Serotonin is a neuromodulator that is extensively involved in behavioral, affective, and cognitive functions of the brain. A large number of studies have shown that reduced levels of serotonin in the central nervous system promote impulsive behaviors. In my talk, I will introduce our recent studies that showed a causal relationship between serotonin neural activation and the promotion of patience to wait for future rewards. First, the activity of the serotonin neurons in the dorsal raphe nucleus (DRN) increases when rats perform tasks that require them to wait for delayed rewards. Second, Local pharmacological inhibition of the DRN serotonin neural activity impairs the rats’ patience for waiting for delayed rewards. Third, Optogenetic activation of serotonin neurons in the DRN enhances the patience of mice in waiting for both the conditioned reinforcer tone and food reward.

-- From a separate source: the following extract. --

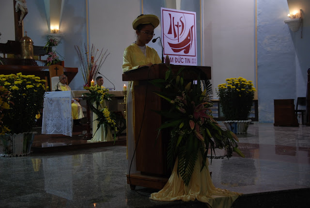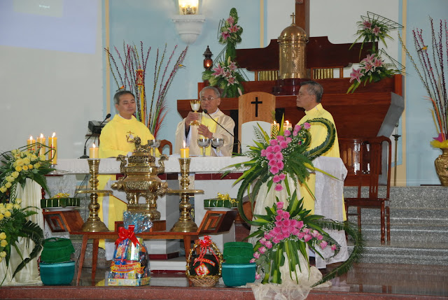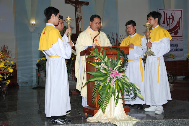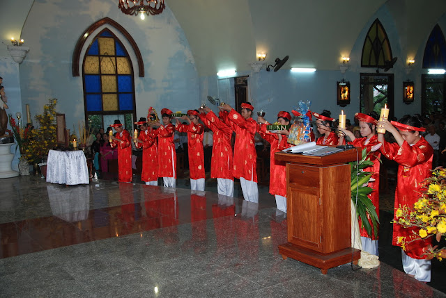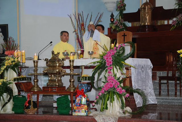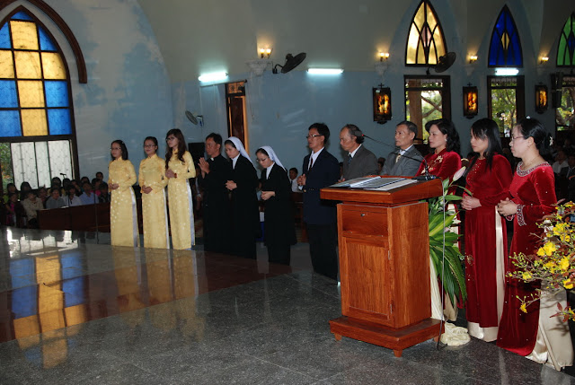Sáng nay, cộng đoàn dân Chúa giáo xứ Tuy Hòa được nghe thư chúc tết của Đức giám mục giáo phận Qui Nhơn thay cho bài giảng lễ. Theo thông lệ hằng năm, sau khi lên rước Mình Thánh Chúa, mỗi tín hữu được nhận một bì thư có lộc Lời Chúa để làm phương châm sống cho cả năm. Trước khi ban phép lành, ông phó chủ tịch đặc trách truyền thông ánh sáng Giacôbê Võ Văn Thần đại diện giáo xứ mừng tết Chúa, mừng tết cha sở, cha phó, quí cha đồng tế và nhận lại lời chúc của cha sở đến với giáo dân Tuy Hòa. Mọi người vỗ tay thật lớn, chúc nhau thật hay, bắt tay thật thắm thiết và có chung một mong ước chân thành, đó là “người người sống an lành, ngày xuân thắm ân tình và thiết tha như lời kinh”

Finally, serotonin’s effect on promoting patience depends on a high probability, but not expected value, of future reward.

References :
1. Miyazaki KW, Miyazaki K, Tanaka KF, Yamanaka A, Takahashi A, Tabuchi S, Doya K (2014) Optogenetic activation of dorsal raphe serotonin neurons enhances patience for future rewards. Current Biology 24:2033-2040.
2. Miyazaki KW, Miyazaki K, Doya K (2012) Activation of dorsal raphe serotonin neurons is necessary for waiting for delayed rewards. Journal of Neuroscience 32:10451-10457.
3. Miyazaki K, Miyazaki KW, Doya K (2011) Activation of dorsal raphe serotonin neurons underlies waiting for delayed rewards. Journal of Neuroscience 31:469-479.